You shall not covet your neighbor's house. You shall not covet your neighbor's wife, or his manservant or maidservant, his ox or donkey, or anything that belongs to your neighbor. Ex. 20:17, N.I.V.
Why do people covet? What is coveting, anyway? Is it wrong to see your neighbor's house and say to yourself, "Someday, I'm going to build a house just like that!"? Are we not supposed to be challenged by desire for self-improvement? Perhaps it would be worth our while to examine some of the basic qualities of self-motivation in light of the high calling we have as sons and daughters of God.
First of all, we would all agree it is obviously wrong to want something that belongs specifically to another person. The reasons are simple: it means that you desire to gain at their expense, that your interests are purely selfish and, consequently, hurtful. And that is at the crux of the tenth commandment. It answers a lot of questions about God, too. He does not simply "want" from us--service, time, our income--just to satisfy an ego-centered divinity.
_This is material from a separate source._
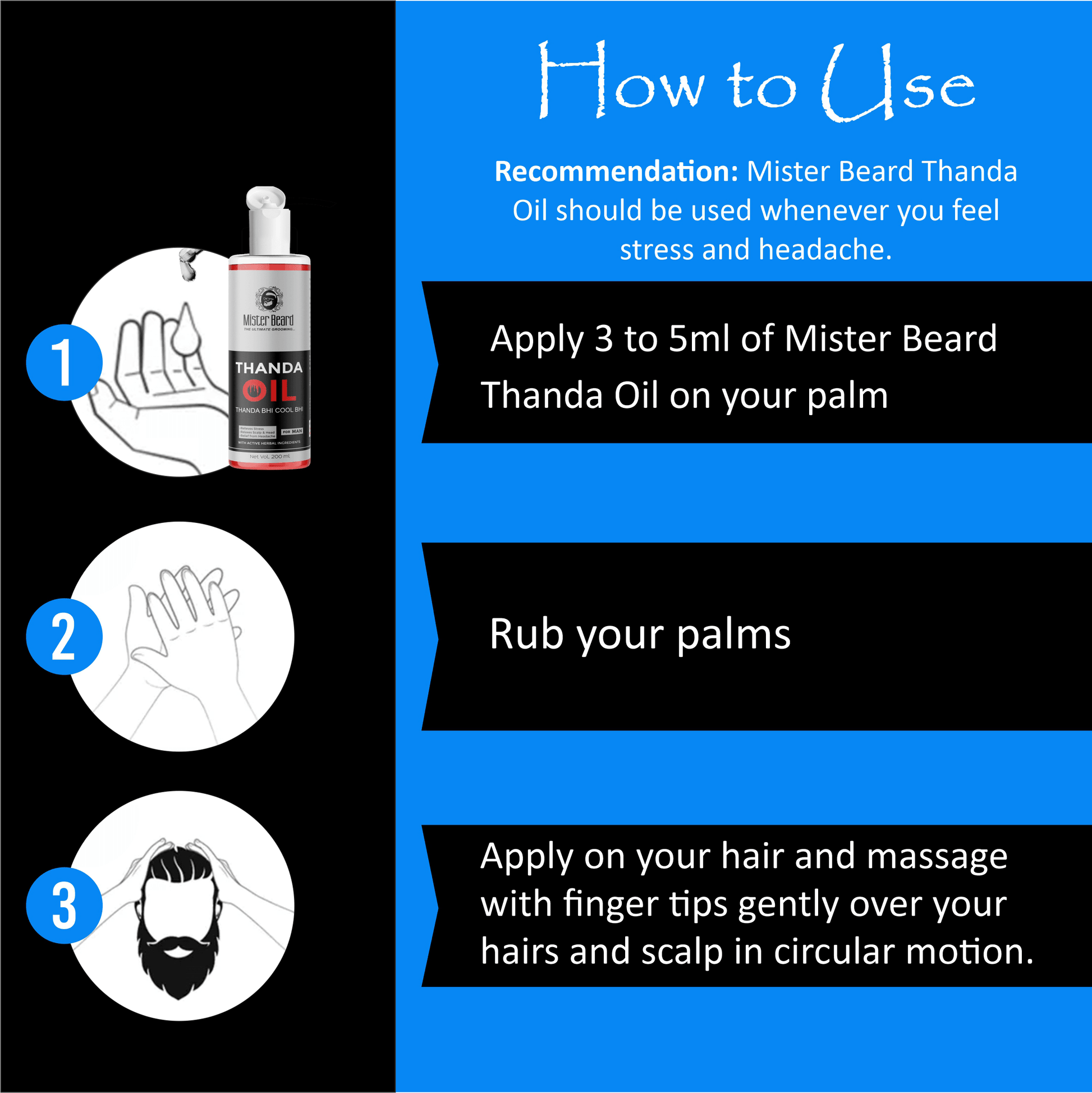 Mister Beard Thanda Cool & Refreshing Hair Oil for Pain Relief Relaxation Hair Oil (200 ml)

There is a place, however, for being stimulated toward the kind of self-improvement that involves the motivation to seek material things. The things sought are seen not as an end in themselves, but as a means of achieving the greater goal of service. A man might dream of having a house someday just like his neighbor's, not because it would bring him social prestige but because his neighbor's house fits into the man's mental picture of the kind of home that would maximize his ministry to others: a large living room with a fireplace--a good gathering place for groups of people to feel the warmth of fellowship, as well as the warmth of a blazing fire; enough tucked-away places where furniture could be arranged to encourage small-group intimacy within the framework of the larger whole--so as to provide settings where discussions and individual growth could take place.
Once again God's promise of fulfillment for us given in the Decalogue is that He will so resolve our feelings of inadequacy and lack of self-worth that we will no longer be driven to endless grasping after things that cannot bring us peace. "You will not covet--because your hearts will be content in all that I am and all that our friendship brings."
We will still want, but we will want in order to give.